Investing.com - The U.S. dollar rose against its Canadian counterpart on Thursday, bouncing off a one-month low as upbeat U.S. jobless claims data lent support to the greenback, while declining oil prices dampened demand for the commodity-related Canadian currency.
USD/CAD hit 1.2763 during early U.S. trade, the session high; the pair subsequently consolidated at 1.2755, up 0.50%.
The pair was likely to find support at 1.2647, the low of April 25 and resistance at 1.2984, the high of June 6.
The U.S. Department of Labor said the number of individuals filing for initial jobless benefits in the week ending June 4 decreased by 4,000 to 264,000 from the previous week’s total of 268,000, which was revised up from the initial read of 267,000.
Analysts had expected jobless claims to rise by 3,000 to 270,000 last week.

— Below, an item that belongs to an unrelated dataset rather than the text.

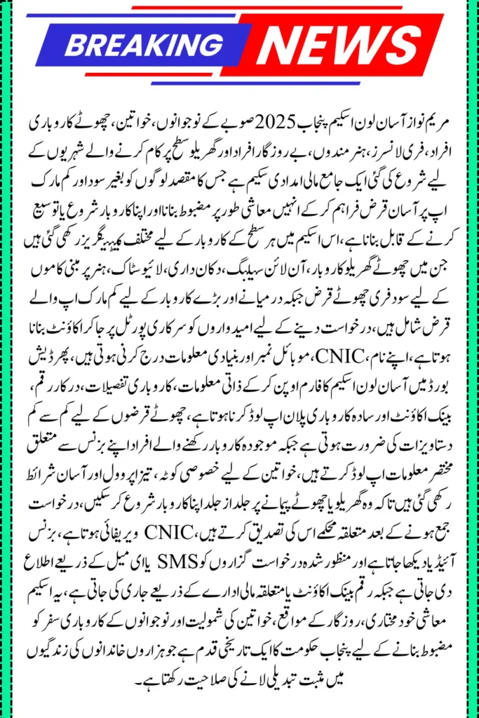 The Maryam Nawaz Asaan Loan Scheme, Punjab, is a transformative initiative. That aims to empower individuals by giving them financial independence and the opportunity to build stable businesses. With its simple online application process, minimal documentation. Transparent verification and an inclusive approach, the scheme stands as a major step toward economic stability and empowerment across Punjab.

The greenback weakened earlier in the week, as markets pushed back expectations on the timing of the next rate hike by the U.S. central bank after Friday’s dismal employment report for May, which showed the slowest rate of jobs growth since September 2010.
A speech by Fed Chair Janet Yellen on Monday indicated that interest rates won’t rise until uncertainty over the economic outlook is resolved.
Yellen said she expects the economic recovery to continue but gave no indications on the timing of a next rate increase.
Meanwhile, the Canadian dollar came under pressure as oil prices moved lower on Thursday amid profit-taking following the previous session’s sharp rally.
The loonie was higher against the euro, with EUR/CAD shedding 0.21% to 1.4436.
Data earlier showed that Germany’s trade surplus widened to €24.0 billion from revised €23.7 billion in March.
Meanwhile, European Central Bank President Mario Draghi warned Thursday that uncertainty over the future of the euro is holding back progress in the region.
The comments came during a speech at the Brussels Economic Forum.